Some reruns are on so often, you can spot them pretty instantly.
Shows like "Seinfeld," "Friends," and "Law and Order" are the gold standards of syndicated television; seemingly immortal in their appeal to audiences and advertisers. And for years, they've been steady money makers for cable.
But today, the afterlife for television is changing. More shows are finding their heavenly home on streaming services like Netflix and Amazon.
"It's not good news for the cable networks," says Tom Nunan, a film and television producer and a lecturer at UCLA. "They now have an even more dynamic set of competitors out there."
Viacom, which owns more than a dozen cable channels, says its been hit by shrinking audiences for reruns.
According to the research group Kantar Media, advertising buys on nationally syndicated TV have been relatively flat in the past year.
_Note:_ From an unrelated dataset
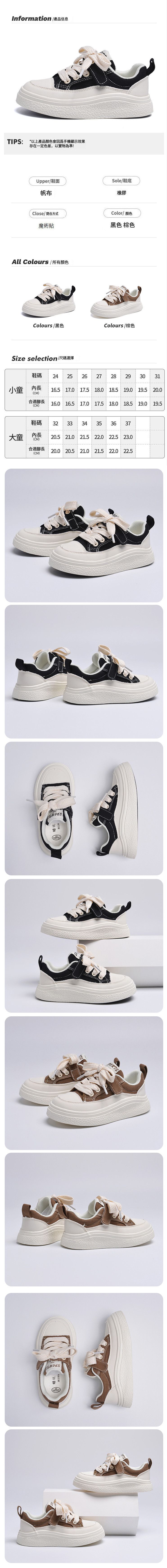 男童女童休閒復古運動板鞋(棕色 24碼-37碼)(下單後請聯酪客服確認發貨尺碼)

But, says Nunan, streaming is positive for the folks who make television. "Now there are just more and more markets for original material, there are more and more markets for titles that have been sitting on the shelf."
There's an afterlife for reality shows, like "Dance Moms."
Reincarnation can be successful for serial dramas, like 'The Good Wife," where you want to see episodes in order, and maybe all at once.
But all reruns, on every platform, face new hurdles.
Like a nearly endless stream of new shows, for example. "Game of Thrones," "Orange is the New Black," "Mad Men," "Veep," "The Americans"—And that's just scratching the surface.
And reruns aren't just competing with everything that's new, they're competing with everything that's old. "If you've got a sitcom and you want to sell it in syndication you are still going up against the likes of 'Friends' and 'Seinfeld,'" says Derek Kompare, professor at Southern Methodist University and author of "Rerun Nation: How Repeats Invented American Television."
Because sometimes, nothing's better than watching Ross and Rachel try to figure it out, even if you know exactly how the story goes.